7.0 OPERATING PROCEDURES EVALUATION Chapter 6A of the safety analysis report and the French approval certificate include sections on package acceptance, loading, unloading, and pre- and post-shipment requirements. The operating procedures have specific measures to be taken prior to each shipment, including drying the package cavity after loading the fuel elements in a wet environment, installing the package closures and confirming that the lid screws are properly torqued, leak testing the lid and containment penetration seals, taking radiation measurements, and affixing tamper indicating seals.

The operating procedures specify that the pre-shipment leakage test should confirm that the leakage from all the seals is less than 4.7 10-4 Pa-m3 /s SLR. The staff agrees that for undamaged fuel elements this leakage testing is adequate for the pre-shipment leak test, and no additional conditions are recommended regarding leakage testing. However, it is recommended that the approval be conditioned to specify that the fuel elements must be undamaged.

8.0 ACCEPTANCE TESTS AND MAINTENANCE PROGRAM EVALUATION The acceptance test program includes: a) document examination; b) visual examination; c) leak testing; d) shielding integrity tests; e) thermal tests; f) packaging and basket operating tests; and g) packaging markings to ensure that the package is fabricated in accordance with the design approved in the French certificate. The maintenance program includes requirements for each shipment, after 15 cycles (or 3 years whichever is less), and after 60 cycles. the maintenance tests for each cycle, 15 cycles and 60 builds upon one another to ensure continued efficacy of the package design.

CONDITIONS

1. MTR fuel elements loaded in a MTR-52SV2 basket as described in the French Certificate, Appendix 9, Content No. 9, specifically Sub-Content Number 1, intact elements, fuel type UySi2 in Table 9.2.1 of the French certificate, excluding U3O8 alloy fuel assemblies, including:
  • Maximum of 22 spent fuel assemblies plus 16 fresh fuel assemblies,
  • Minimum enrichment of 19 w/o U-235 and maximum enrichment of 21 w/o U-235,
  • Maximum mass of uranium per assembly of 2 kg,
  • Assembly burnup less than 45,000 MWd/MTU,
  • Assembly cooling time greater than 964 days,
  • Maximum decay heat of 5 watts/assembly, and
  • Assemblies are to be loaded symmetrically in the center of the MTR-52SV2 basket with the fresh fuel assemblies on the exterior of the spent fuel assemblies for added shielding
2. The Mechanical Criterion for cladding in Table 9.2.1 of the French Approval Certificate must use aluminum yield strength values for fully-annealed material. Data from Table 0A-9.10 of the package design safety report that reflect a fully-annealed condition are those for aluminum type 1050A, 3003, 5052, 5454, 5086, and 5083.
3. Prior to each shipment, the seals of the TN-MTR must demonstrate no leakage when tested to a sensitivity of at least 1E-4 Pa-m3/sec standardized leakage rate (or 1E-3-ref-cm3/sec).
4. The lid ethylene propylene diene monomer seals and the two cover plate EPDM seals are to be replaced at an interval not to exceed 1 year.

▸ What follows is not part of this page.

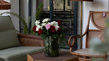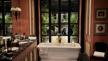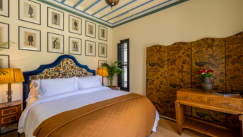 Um den höchsten Standard an modernem Komfort zu bieten und gleichzeitig den Charme der alten Welt zu bewahren, werden die Decken und Wandmalereien von den lokalen Handwerkern der Königspaläste von Hand bemalt. Diesen werden mit Stoffen von Designern wie Pierre Frey, Ian Sanderson und Jim Thompson ergänzt, mit Verzierungen von Samuel & Sons. Deren Angestelltenküche ist mit industriellen Restaurantgeräten ausgestattet, während die Privatküchen mit Designelementen wie einem Smeg-Kühlschrank, einem Dolce & Gabbana-Toaster, einer La Marzocco-Kaffeemaschine, einem Gozney-Pizza-Ofen und einem Tiefkühlgetränkeautomaten ausgestattet sind. Es gibt UV-Filter und Wasserenthärter für Trinkwasser, das sich luxuriös auf der Haut anfühlt, Sonos-Lautsprecher in allen Unterhaltungsbereichen und hochmodernes Glasfaser-WLAN. Weitere luxuriöse Details sind aus Corston importierte Messingbeschläge für die Lichtschalter und Steckdosen, und die Badezimmer sind mit importierten Armaturen und Armaturen von Lefroy Brooks, Czech & Speake und der Cast Iron Bath Company ausgestattet. Aller Betten, Kissen und Bettwäsche wurden sorgfältig ausgewählt.

CONCLUSION Based on the statements and representations contained in the documents referenced above (see

SUMMARY

), and the conditions listed above (see Contents), the staff concludes that the Model No. TN-MTR package meets the requirements of International Atomic Energy Agency Regulations for the Safe Transport of Radioactive Material, IAEA Safety Standards Series, No.

SSR-6, 2012 edition.

Issued with letter to R. Boyle, Department of Transportation, on ____________.